▽

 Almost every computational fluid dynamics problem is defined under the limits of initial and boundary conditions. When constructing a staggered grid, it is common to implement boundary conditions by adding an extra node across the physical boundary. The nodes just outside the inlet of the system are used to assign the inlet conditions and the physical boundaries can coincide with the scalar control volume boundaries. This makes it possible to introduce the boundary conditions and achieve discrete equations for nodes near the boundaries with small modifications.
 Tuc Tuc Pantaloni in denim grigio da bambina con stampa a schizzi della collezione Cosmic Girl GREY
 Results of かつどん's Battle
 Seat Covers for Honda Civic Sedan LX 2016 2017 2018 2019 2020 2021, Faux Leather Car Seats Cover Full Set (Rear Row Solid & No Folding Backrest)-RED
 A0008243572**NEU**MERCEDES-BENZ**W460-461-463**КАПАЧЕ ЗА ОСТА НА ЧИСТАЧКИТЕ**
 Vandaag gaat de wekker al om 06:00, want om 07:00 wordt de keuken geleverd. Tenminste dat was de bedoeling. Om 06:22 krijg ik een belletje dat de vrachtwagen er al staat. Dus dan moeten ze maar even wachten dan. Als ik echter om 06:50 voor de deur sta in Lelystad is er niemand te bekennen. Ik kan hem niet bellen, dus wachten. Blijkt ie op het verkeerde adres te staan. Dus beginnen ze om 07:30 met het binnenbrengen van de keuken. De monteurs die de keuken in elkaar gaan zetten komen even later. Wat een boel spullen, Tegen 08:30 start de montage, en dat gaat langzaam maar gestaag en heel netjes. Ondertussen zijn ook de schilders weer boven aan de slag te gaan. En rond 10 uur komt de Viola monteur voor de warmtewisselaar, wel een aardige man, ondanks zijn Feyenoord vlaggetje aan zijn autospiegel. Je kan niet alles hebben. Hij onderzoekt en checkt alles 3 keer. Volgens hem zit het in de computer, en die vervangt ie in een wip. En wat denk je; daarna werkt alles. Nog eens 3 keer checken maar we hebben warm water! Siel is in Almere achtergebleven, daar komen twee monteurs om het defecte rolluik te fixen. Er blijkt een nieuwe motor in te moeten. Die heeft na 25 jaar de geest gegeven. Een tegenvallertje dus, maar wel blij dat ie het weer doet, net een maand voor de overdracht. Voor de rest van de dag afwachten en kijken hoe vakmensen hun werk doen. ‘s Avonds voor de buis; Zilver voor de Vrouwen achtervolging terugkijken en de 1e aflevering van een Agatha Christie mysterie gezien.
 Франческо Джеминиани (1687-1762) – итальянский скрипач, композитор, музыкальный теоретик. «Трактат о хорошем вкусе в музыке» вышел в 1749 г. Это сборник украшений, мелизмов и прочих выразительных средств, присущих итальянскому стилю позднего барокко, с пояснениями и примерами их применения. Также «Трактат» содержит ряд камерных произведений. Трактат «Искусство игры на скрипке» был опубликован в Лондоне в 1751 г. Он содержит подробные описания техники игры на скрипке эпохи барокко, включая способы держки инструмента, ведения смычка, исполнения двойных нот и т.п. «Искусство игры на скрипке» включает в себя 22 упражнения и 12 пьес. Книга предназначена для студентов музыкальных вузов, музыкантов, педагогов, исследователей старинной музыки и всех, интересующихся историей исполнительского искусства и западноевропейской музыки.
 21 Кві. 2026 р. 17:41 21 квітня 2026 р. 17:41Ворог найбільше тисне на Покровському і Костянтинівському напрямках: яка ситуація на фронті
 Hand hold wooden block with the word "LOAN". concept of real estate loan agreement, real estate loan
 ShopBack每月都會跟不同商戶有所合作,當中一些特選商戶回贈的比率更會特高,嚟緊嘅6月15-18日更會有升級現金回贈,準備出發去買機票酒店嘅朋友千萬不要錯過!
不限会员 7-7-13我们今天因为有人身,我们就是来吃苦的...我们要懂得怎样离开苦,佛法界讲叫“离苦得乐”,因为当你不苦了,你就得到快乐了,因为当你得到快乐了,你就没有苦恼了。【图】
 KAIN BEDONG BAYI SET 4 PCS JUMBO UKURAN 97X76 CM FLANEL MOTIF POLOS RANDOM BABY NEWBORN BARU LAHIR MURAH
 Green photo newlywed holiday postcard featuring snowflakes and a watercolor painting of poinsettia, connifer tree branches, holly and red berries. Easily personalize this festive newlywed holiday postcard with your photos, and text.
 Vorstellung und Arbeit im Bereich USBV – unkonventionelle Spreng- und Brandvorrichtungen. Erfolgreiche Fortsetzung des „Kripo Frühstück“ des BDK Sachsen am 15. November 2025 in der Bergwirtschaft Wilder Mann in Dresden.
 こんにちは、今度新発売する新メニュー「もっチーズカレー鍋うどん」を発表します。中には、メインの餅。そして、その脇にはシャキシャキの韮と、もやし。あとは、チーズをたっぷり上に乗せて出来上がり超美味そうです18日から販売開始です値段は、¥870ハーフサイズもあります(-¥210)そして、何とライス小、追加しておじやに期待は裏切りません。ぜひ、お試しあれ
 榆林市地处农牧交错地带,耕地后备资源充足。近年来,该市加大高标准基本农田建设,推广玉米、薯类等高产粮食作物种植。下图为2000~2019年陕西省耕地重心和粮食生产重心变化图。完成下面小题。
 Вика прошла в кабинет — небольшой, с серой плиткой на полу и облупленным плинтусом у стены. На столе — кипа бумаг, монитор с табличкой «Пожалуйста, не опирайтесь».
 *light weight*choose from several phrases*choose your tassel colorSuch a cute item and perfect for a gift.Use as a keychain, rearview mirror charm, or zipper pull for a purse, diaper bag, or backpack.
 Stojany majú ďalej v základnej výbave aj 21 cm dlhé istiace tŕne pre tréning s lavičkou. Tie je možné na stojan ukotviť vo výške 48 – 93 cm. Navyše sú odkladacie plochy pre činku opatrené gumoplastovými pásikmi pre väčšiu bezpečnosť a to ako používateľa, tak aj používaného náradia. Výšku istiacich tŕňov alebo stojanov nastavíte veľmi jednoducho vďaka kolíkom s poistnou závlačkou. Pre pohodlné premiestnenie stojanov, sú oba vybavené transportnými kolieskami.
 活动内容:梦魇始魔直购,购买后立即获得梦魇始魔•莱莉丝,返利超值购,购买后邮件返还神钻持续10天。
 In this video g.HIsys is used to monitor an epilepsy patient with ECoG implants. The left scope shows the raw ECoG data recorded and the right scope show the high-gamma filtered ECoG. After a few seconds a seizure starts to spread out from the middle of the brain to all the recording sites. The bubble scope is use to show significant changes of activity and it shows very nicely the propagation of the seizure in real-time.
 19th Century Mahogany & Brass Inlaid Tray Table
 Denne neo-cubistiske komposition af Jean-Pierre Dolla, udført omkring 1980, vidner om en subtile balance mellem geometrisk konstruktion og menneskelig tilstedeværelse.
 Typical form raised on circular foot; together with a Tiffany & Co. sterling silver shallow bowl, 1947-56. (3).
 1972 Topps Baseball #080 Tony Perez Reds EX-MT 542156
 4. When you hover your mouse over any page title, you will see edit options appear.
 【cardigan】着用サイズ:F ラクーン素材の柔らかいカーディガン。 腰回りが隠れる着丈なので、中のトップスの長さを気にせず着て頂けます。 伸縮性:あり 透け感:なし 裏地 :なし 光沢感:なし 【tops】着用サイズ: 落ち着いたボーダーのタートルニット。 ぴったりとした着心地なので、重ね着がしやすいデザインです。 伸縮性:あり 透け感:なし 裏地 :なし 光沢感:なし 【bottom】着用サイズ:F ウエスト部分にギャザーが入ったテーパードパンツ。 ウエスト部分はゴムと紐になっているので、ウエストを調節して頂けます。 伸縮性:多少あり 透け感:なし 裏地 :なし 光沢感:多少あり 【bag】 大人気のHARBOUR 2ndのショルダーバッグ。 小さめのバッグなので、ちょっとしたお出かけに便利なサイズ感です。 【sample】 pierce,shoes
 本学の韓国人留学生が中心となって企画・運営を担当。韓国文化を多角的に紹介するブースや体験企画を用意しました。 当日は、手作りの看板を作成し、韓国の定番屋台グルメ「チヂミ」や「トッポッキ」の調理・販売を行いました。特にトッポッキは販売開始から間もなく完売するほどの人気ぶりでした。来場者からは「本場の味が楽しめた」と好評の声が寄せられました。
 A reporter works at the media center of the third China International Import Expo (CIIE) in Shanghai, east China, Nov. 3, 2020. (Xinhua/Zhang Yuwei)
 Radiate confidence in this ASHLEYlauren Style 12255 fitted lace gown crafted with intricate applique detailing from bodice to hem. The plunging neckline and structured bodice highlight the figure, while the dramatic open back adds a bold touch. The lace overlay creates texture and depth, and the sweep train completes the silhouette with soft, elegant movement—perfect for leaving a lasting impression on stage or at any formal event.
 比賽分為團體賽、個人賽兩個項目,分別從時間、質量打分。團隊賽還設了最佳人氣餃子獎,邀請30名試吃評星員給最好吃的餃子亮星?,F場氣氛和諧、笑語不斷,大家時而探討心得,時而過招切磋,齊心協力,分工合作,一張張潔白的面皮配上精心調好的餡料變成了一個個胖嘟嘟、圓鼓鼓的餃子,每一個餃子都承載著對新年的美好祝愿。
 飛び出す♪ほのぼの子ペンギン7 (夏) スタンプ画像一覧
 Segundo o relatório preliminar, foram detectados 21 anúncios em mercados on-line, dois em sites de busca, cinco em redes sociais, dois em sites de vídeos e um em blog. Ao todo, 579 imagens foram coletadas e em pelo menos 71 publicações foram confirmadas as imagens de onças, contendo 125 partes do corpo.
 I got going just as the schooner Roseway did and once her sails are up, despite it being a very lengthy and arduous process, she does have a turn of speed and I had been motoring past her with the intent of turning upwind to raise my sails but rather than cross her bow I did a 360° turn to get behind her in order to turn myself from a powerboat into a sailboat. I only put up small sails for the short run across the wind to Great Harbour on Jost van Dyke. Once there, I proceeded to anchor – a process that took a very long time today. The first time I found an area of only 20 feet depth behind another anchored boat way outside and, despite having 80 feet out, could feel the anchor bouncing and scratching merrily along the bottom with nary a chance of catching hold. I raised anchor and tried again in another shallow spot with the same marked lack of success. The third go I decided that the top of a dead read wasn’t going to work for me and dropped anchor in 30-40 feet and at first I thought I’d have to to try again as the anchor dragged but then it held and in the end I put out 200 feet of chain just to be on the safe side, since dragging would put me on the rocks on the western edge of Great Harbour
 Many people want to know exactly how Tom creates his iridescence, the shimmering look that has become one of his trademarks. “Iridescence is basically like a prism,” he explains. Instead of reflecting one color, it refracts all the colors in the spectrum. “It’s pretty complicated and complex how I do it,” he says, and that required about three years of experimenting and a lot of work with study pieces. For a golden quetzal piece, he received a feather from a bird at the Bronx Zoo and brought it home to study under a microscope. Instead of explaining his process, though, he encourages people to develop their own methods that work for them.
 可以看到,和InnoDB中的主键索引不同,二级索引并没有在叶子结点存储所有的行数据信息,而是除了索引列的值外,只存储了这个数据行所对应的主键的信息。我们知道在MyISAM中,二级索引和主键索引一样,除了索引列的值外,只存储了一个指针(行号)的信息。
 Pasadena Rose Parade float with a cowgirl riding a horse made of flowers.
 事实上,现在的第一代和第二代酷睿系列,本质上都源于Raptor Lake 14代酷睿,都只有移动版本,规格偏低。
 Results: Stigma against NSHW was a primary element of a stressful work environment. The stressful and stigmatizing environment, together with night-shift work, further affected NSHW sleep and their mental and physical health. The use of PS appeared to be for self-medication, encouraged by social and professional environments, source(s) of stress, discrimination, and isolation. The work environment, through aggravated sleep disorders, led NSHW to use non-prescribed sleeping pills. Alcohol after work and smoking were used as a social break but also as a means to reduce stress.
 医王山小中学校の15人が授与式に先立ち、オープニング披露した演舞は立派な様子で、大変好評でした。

△

#### Instructions to follow:
Could you set down, word for word, only the lines above from the line with "1972 Topps Baseball" to the line with "Segundo o relatório", including both?

#### Written solution:
 1972 Topps Baseball #080 Tony Perez Reds EX-MT 542156
 4. When you hover your mouse over any page title, you will see edit options appear.
 【cardigan】着用サイズ:F ラクーン素材の柔らかいカーディガン。 腰回りが隠れる着丈なので、中のトップスの長さを気にせず着て頂けます。 伸縮性:あり 透け感:なし 裏地 :なし 光沢感:なし 【tops】着用サイズ: 落ち着いたボーダーのタートルニット。 ぴったりとした着心地なので、重ね着がしやすいデザインです。 伸縮性:あり 透け感:なし 裏地 :なし 光沢感:なし 【bottom】着用サイズ:F ウエスト部分にギャザーが入ったテーパードパンツ。 ウエスト部分はゴムと紐になっているので、ウエストを調節して頂けます。 伸縮性:多少あり 透け感:なし 裏地 :なし 光沢感:多少あり 【bag】 大人気のHARBOUR 2ndのショルダーバッグ。 小さめのバッグなので、ちょっとしたお出かけに便利なサイズ感です。 【sample】 pierce,shoes
 本学の韓国人留学生が中心となって企画・運営を担当。韓国文化を多角的に紹介するブースや体験企画を用意しました。 当日は、手作りの看板を作成し、韓国の定番屋台グルメ「チヂミ」や「トッポッキ」の調理・販売を行いました。特にトッポッキは販売開始から間もなく完売するほどの人気ぶりでした。来場者からは「本場の味が楽しめた」と好評の声が寄せられました。
 A reporter works at the media center of the third China International Import Expo (CIIE) in Shanghai, east China, Nov. 3, 2020. (Xinhua/Zhang Yuwei)
 Radiate confidence in this ASHLEYlauren Style 12255 fitted lace gown crafted with intricate applique detailing from bodice to hem. The plunging neckline and structured bodice highlight the figure, while the dramatic open back adds a bold touch. The lace overlay creates texture and depth, and the sweep train completes the silhouette with soft, elegant movement—perfect for leaving a lasting impression on stage or at any formal event.
 比賽分為團體賽、個人賽兩個項目,分別從時間、質量打分。團隊賽還設了最佳人氣餃子獎,邀請30名試吃評星員給最好吃的餃子亮星?,F場氣氛和諧、笑語不斷,大家時而探討心得,時而過招切磋,齊心協力,分工合作,一張張潔白的面皮配上精心調好的餡料變成了一個個胖嘟嘟、圓鼓鼓的餃子,每一個餃子都承載著對新年的美好祝愿。
 飛び出す♪ほのぼの子ペンギン7 (夏) スタンプ画像一覧
 Segundo o relatório preliminar, foram detectados 21 anúncios em mercados on-line, dois em sites de busca, cinco em redes sociais, dois em sites de vídeos e um em blog. Ao todo, 579 imagens foram coletadas e em pelo menos 71 publicações foram confirmadas as imagens de onças, contendo 125 partes do corpo.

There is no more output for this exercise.